- Born: 1 April 1942 Istanbul, Turkey
- Died: 20 December 2007 (aged 65) Istanbul, Turkey
- Occupations: Actor, caricaturist

= Savaş Dinçel =

Turkish actor (1942–2007)

Savaş Dinçel (1 April 1942 - 20 December 2007) was a Turkish actor.

==Biography==
Savaş Dinçel was born in 1942 in İstanbul. He studied at Koca Ragıp Paşa Primary School and İstanbul Erkek High School, before studying theatre at İstanbul Municipal Conservatory. For some time, he drew cartoons for the Günaydın paper at the Comedy Education Centre and became well known for his "Tonton' caricatures. Then he worked at the Münir Özkul Theatre, AST Theatre, YEN-AR Theatre before forming the Miyatro Vatandaş Theatre.

In 1997, he played İsmet İnönü in the film Kurtuluş directed by Ziya Öztan and 'Berber Al' in the film Ağır Roman directed by Mustafa Altıoklar.
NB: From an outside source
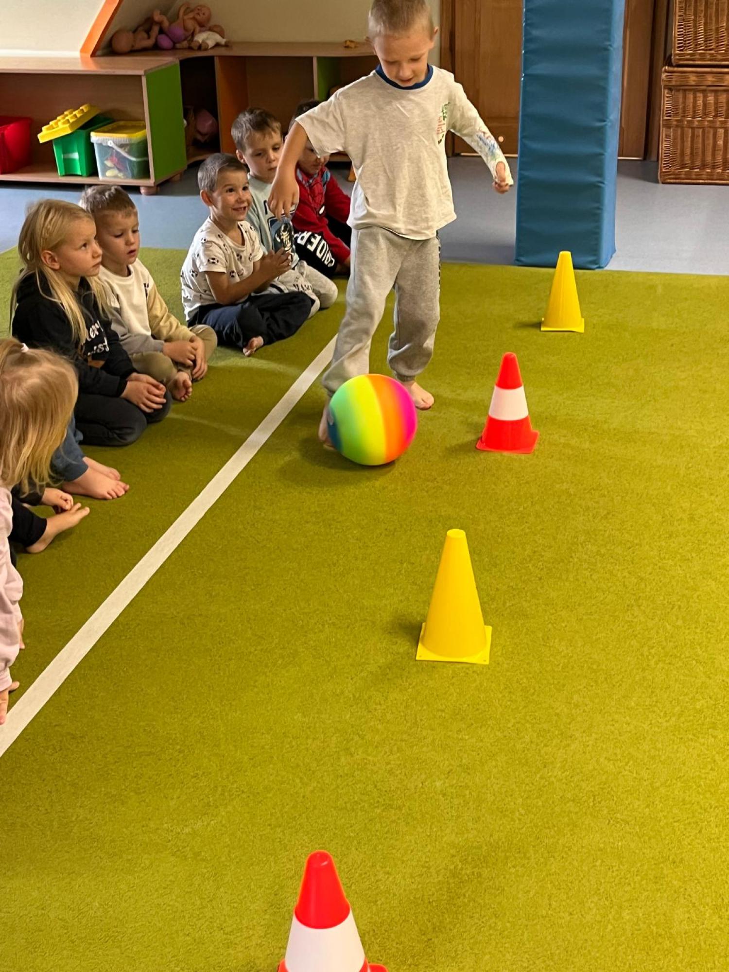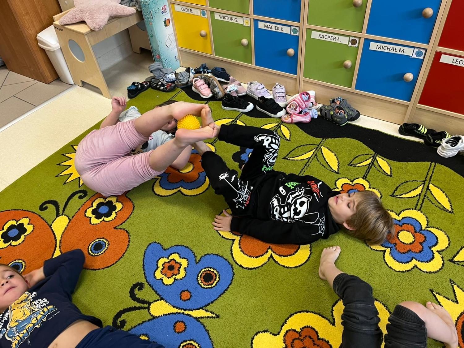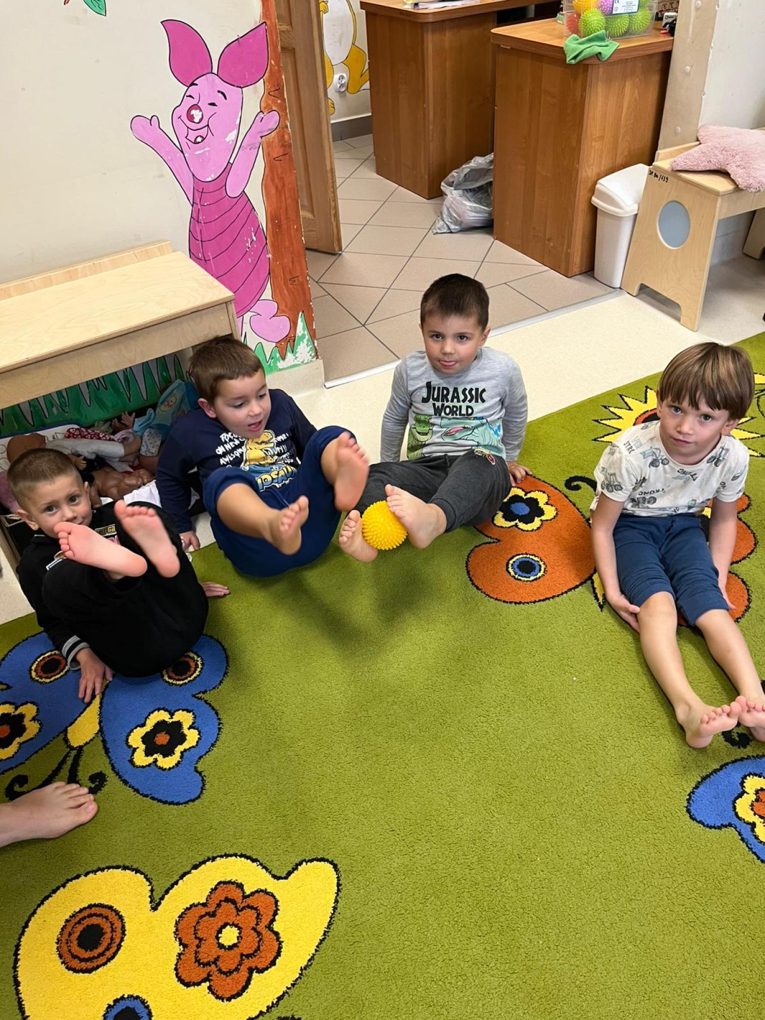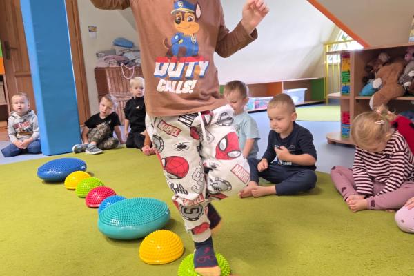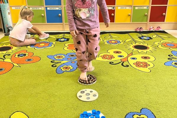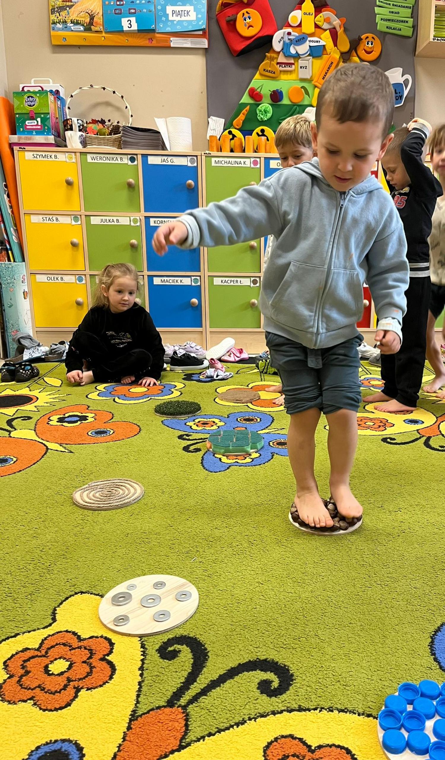 Na przedszkolaków czekała ścieżka sensoryczna, po której mogły przechodzić boso, odkrywając różne faktury – miękkie i szorstkie, chłodne i ciepłe. Dzieci uczestniczyły również w zabawie z piłkami. Każdy krok był nowym doświadczeniem, które nie tylko dostarczało radości, ale też wspierało rozwój równowagi i koordynacji.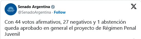 La iniciativa fue aprobada por 44 votos a favor, 27 en contra y una abstención. De esta manera sancionó con fuerza de Ley el proyecto que había sido aprobado la semana pasada en la Cámara de Diputados.

He reprised his role as İsmet İnönü again in the 1998 film Cumhuriyet. In 2000, he acted in Offside (Dar Alanda Kısa Paslaşmalar) and won 'Best Actor' awards at the 20th İstanbul Film Festival, 8th ÇASOD Film awards, and the 22nd SİYAD awards for his role as Hacı in the film. In 2002, he played Father Nusret in the series Ekmek Teknesi broadcast by ATV. In 2006, he acted in Ömer Uğur's film Eve Dönüş and continued acting and directing at the City Theatre.

On 20 December 2007, Dinçel suffered internal bleeding and died at İstanbul's Memorial Hospital.